A despedida de um momento em que as lágrimas se proclamam na sua redenção.
De onde surgem as juras de amor.
Perguntei-me qual seria o som do teu coração se nesse instante olhasses a lua.
Que reluz no céu e nos protege da nossa gravidade.
Que te reúne à terra e suporta a saudade de outro tempo e de outro lugar.
Admirando-a como se admirássemos o mesmo poema e ao nos inspirarmos encontrássemos a nossa devoção.
A nossa musa. Tu eras a musa perdida nas brumas do eterno. Aquela que em toda a vida desejava encontrar.
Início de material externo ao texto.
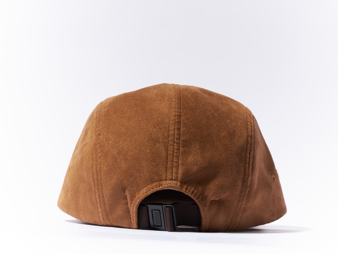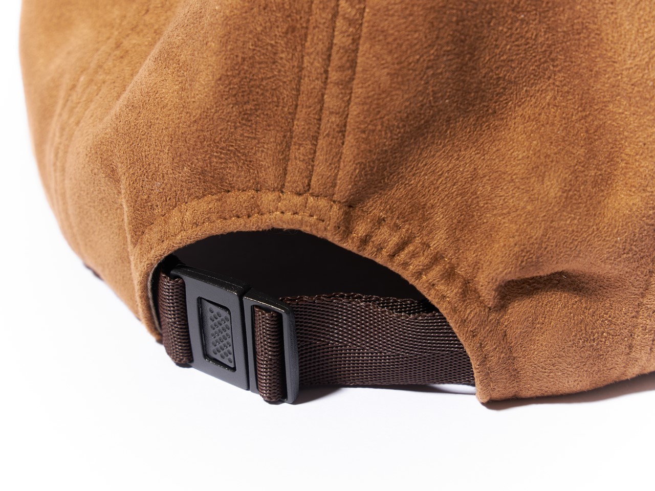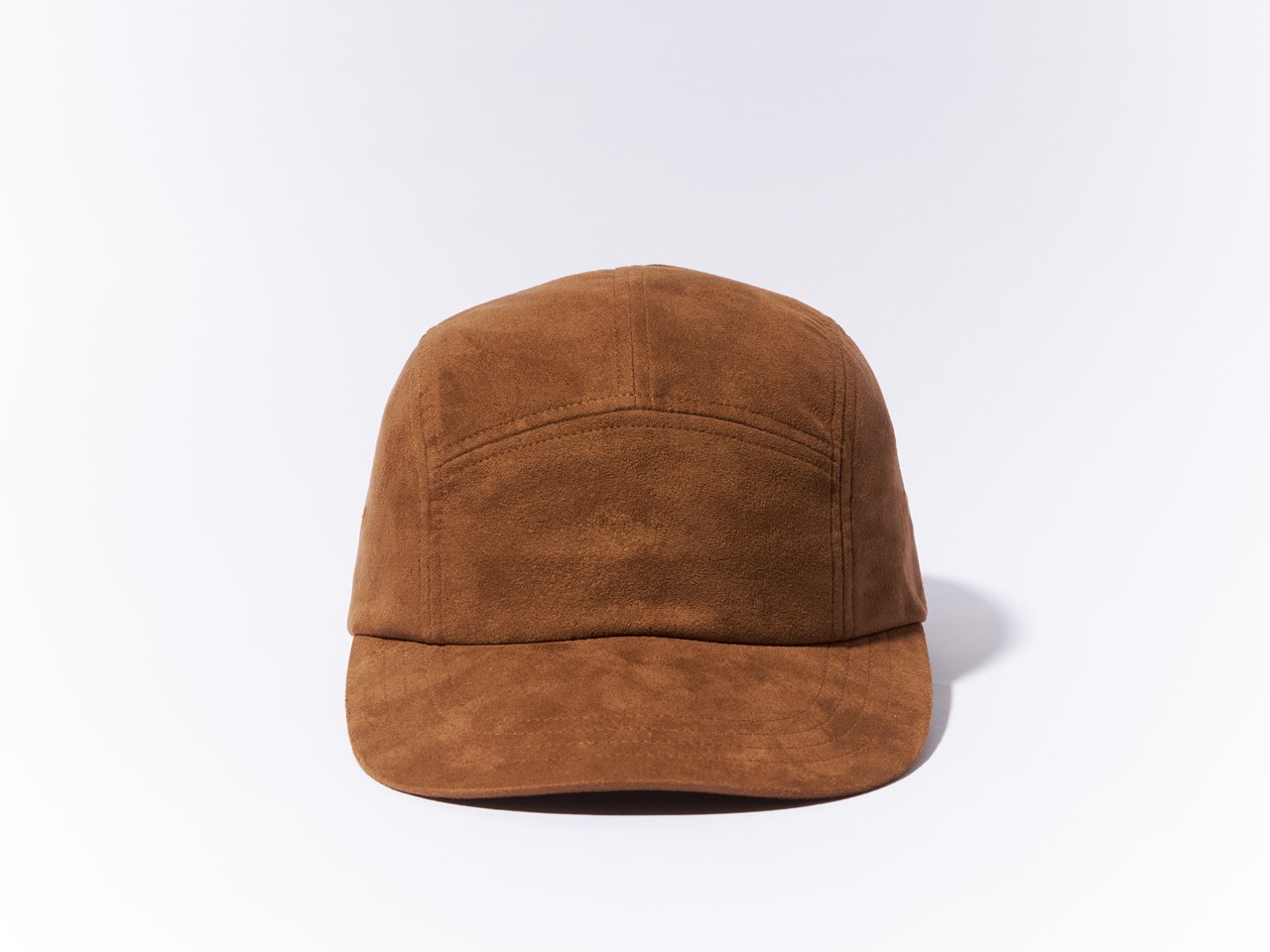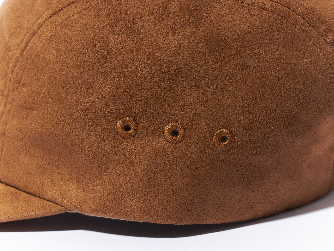 US古着でたまに見かけるスウェードやピッグスキンのキャップってカッコいい。帽子は本来日除けや雨対策のアイテムでもあるのに、水濡れに弱いレザー素材を組み合わせるという、そもそも本末転倒なデザインがむしろ古着好きの心をグッとつかむ。そこで本別注ではフェイクスウェードの生地を用いて、手洗い可能なスウェード調キャップを作ってしまおうという発想のもと、企画がスタート。ヴィンテージキャップに範を取り、5パネルとも言われる「ジェットキャップ」のスタイルを採用しようとしたところ、難題が持ち上がった……。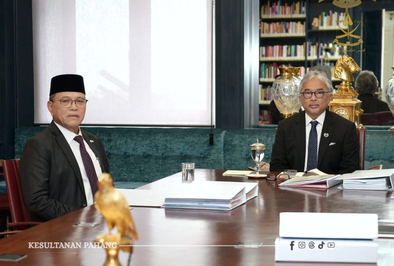 Paduka Baginda meluangkan masa kira-kira satu jam bagi membincangkan pelbagai perkara terutama berkaitan kemakmuran dan kemajuan negeri serta hal-hal berkaitan rakyat. – KESULTANAN PAHANG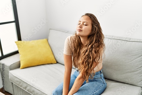 Young beautiful hispanic woman sitting on sofa breathing at home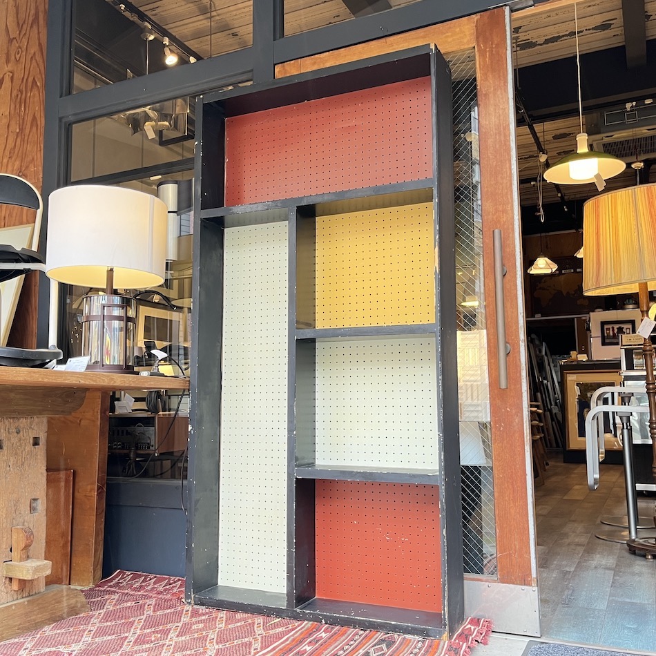 カラフルなカラーリングの有孔ボードを背板に使い、フック金具を使って様々な物を置いたり吊り下げたりできるシェルフ。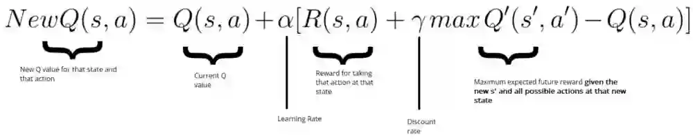 lr * [Reward + discount_rate * (highest Q value between possible actions from the new state s’ ) — Current Q value ]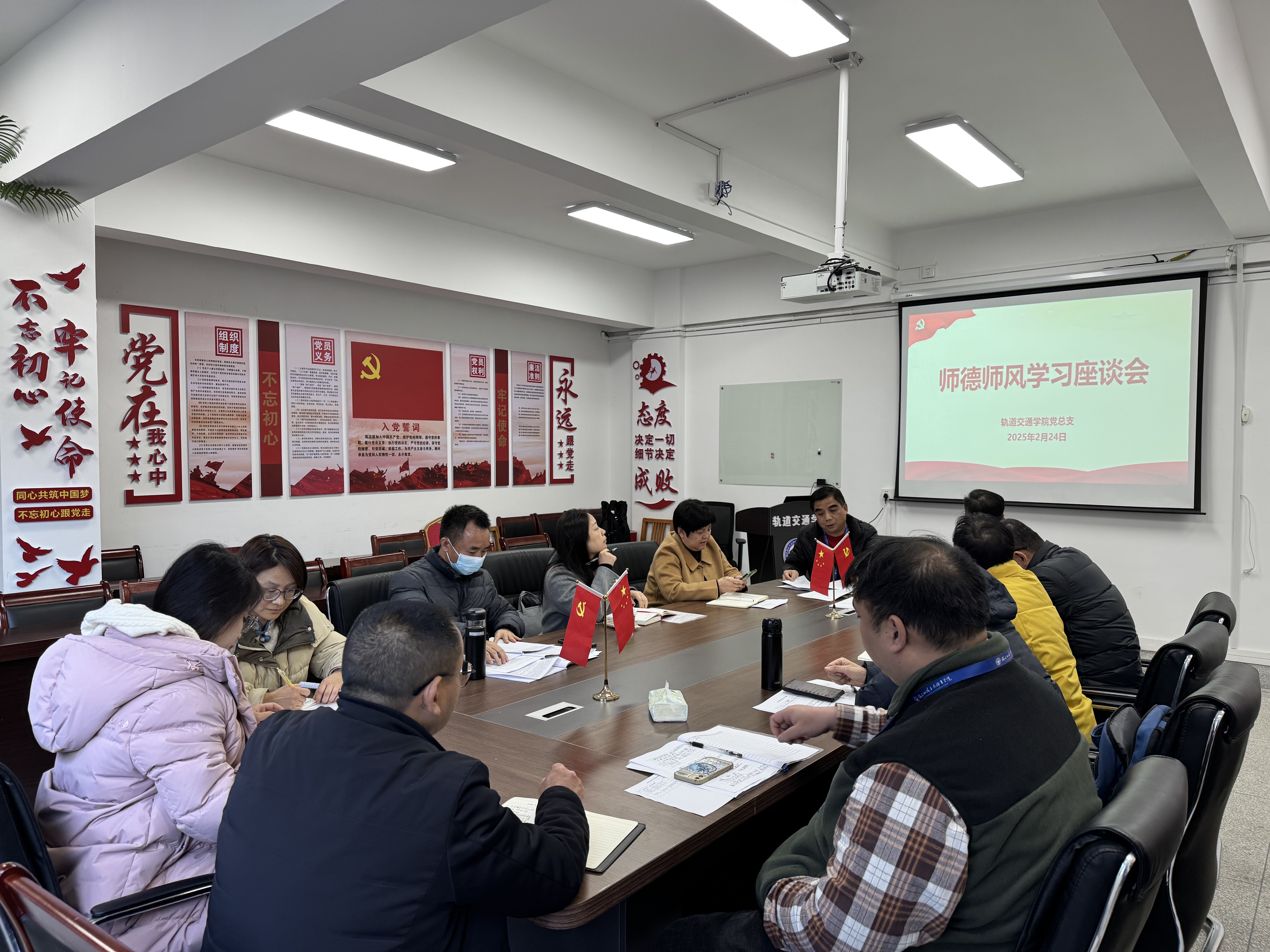 為貫徹落實學校黨委關于開展師德師風問題整治工作的有關文件精神,全面加強師德師風建設工作,2025年2月21日,軌道交通學院召開“師德師風學習座談會”,學院領導、各部門負責人及部分教工代表參加了會議,本次座談會會由軌道交通學院黨總支書記孫基主持。

            Na Índia, o ancestral encontrava na pobreza a sua contemplação. O contraste com a cidade de Lisboa. Os seus bairros eram criados de latas e cartões imergidos em forma de parede, cujas valetas suscitavam a ironia das nobres avenidas, que ostentavam o desequilíbrio de riqueza. O migrar dos tecidos novos obstava os perdidos em formatos esquecidos. Aos que os bairros se perdiam por isso mas de forma não menos singular e talvez mais única. A pobreza que reunia a fluência dos povos. Dos sábios que percorriam essas ruas na ascese para o caminho de suas vidas.
Talvez algum te tenha proferido o seu oráculo.
Da forma das nuvens e dos símbolos que lia nos céus, ao encontro com o que te diria que viverias uma intensa história de amor.
No imenso mar de vidas, eram proclamadas junto a esses bairros as palavras dirigidas à partida dos que partiam imersos nas águas. Ao longe, na minha cidade, partilhando dessa tua memória, via o Rio Tejo que também se tornaria teu.
Tu que és melodia do vento. Som do encanto da chuva e dos pássaros que retomam ao seu ninho na noite escura. Inspiração da minha alma que se torna tua, em cada palavra que escutava ao longe.
Partilha comigo o céu calmo e sereno. Dos seus traços perdidos no tempo, era como o Oceano que envolvia esse país, cujo profundo é o tempo que se repercute ao som das estações.
Marés de que são feitas suas lágrimas em sua paz.
Contemplando a simplicidade dos banhos nas suas águas sagradas dos rios que se lhe afluem, e cujo intuito é a purificação. Tomados ao renascimento da lua em cada noite, que nos abençoa com a sua luz. Escutando o vento que sopra sobre essas águas silenciosas, mas cujas sombras o roubam à sua serenidade tornando-o tom de tempestade.
A palavra Cavaleiro era a sua esperança. Queria cruzar com ele a felicidade, unindo dessa saudade, o eterno do cair da noite.
Escutei o coração. A inspiração trouxe-me o seu som, soprado pelas palavras, que eram tuas de toda a eternidade.
            Escrevi…

Carta
            Para ti Donzela,

Do teu Cavaleiro foram sinais partida do destino,
De tua música se fez marés e criou o mar,
Se por ti me sinto assim sozinho,
É porque procuro em ti o meu lugar.
Desta Lua que partilhamos horizonte
Brilho manifesto em teu eterno olhar
São teus olhos, é tua paz é tua vida
Que eu quero partilhar.
Vai á tua procura, da tua alma
Que em paixão se tornou teu respirar
Nas palavras que remeto sem voz mas sinto
É em mim o direito a te amar.
Desse breve vento da manha
Em breves segundos que se recriou o céu
Dele se fez mundo
Imerso na eterna melodia das palavras.
Em teu colo partilhei minhas angústias
E tu com teu olhar disseste estou aqui
Foi desse amor incondicional
Que encontrei o meu abrigo.
Se meu anseio me impele a caminhar
E teu caminho é em ti a tua busca
Nele procuro os teus passos
Que em mim sejam certeza.
De que vale a vida
Se nela se perdem as juras
Os momentos de amor eternizados
Evocados ao luar.
Laços enamorados
Palavras em comunhão
Sentidos cúmplices
Ao acreditar em ti.
Teu cavaleiro surge da sombra
E seu perdão é no mundo redenção
Abraça a tua alma
E protege-te da noite escura.

                        Teu Cavaleiro.